After that, crimping and calibrating the pressed portion of the shell according to the inner diameter and machining with trimming the end face to the length l _sv (mm) for assembly-welding are performed with the formation of a welded edge with an inner diameter D ₃ (mm) and length l _sv (mm), bevel 45 ° and edge blunting 1 mm.

Alternatively, a thin-walled shell 2 (Fig. 3) is made by assembly-welding of a thin-walled part and a thickened bottom obtained by extrusion from a circle with a diameter of D ₀ (mm) and a thickness of t ₀ (mm).

The thin-walled part is obtained from a tube billet with an outer diameter D ₂ ′ (mm) crimped and calibrated to the crimped section along the inner diameter along one of the ends to obtain an inner diameter D ₃ (mm). After machining the end face, a welded edge is obtained with a length of l _sv (mm), a thickness of t ₂ (mm), a bevel of 45 ° and a blunting of the edge of 1 mm (Fig. 3, view A).

Then the second end is crimped and calibrated according to the internal diameter, the second end is turned, and a welded edge for assembly-welding with a thickened bottom is obtained with dimensions: D ₄ (mm) - inner diameter, l _st (mm) - length of the welded edge, t ₂ (mm) - edge thickness, bevel 45 ° and edge blunting of 1 mm (Fig. 3, view B).

They perform machining with the formation of a butt edge of a thickened bottom with a bevel of 45 ° and a dull edge of 1 mm in size and then assembly and automatic welding of the cylindrical and bottom part of the shell (Fig. 3, view B) in the fixture on the assembly-welding unit, ensuring technological clearance 1 mm.
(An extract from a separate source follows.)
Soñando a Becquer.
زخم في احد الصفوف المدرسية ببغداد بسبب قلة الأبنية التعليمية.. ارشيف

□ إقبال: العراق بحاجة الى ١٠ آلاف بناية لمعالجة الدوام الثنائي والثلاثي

Thin-walled cup 1 and thin-walled shell 2 (Fig. 1, Fig. 2, Fig. 3 and Fig. 7) with a thickened bottom, prepared for further assembly-welding, are made with the diameter of the welded edges D ₃ (mm)
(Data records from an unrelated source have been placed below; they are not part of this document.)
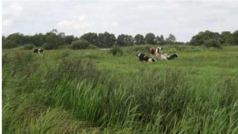
Sluiterspoel op de achtergrond.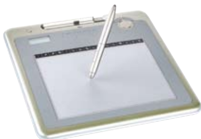
mimio ® vous permet de contrôler votre système dans l'enceinte de la salle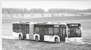
Trajets et horaires des bus (pp.4 & 5)

D ₃ (mm) = (0.4-0.6) (D ₁ + D ₂ ), where

D ₁ (mm) - the outer diameter of the workpiece 1 glass before distribution,

D ₂ (mm) - the inner diameter of the blanks of the shell 2 to crimp.

The end base 3 (Fig. 4) is made by machining from a steel pipe billet. A weldable edge of length l _sv '(mm) is obtained.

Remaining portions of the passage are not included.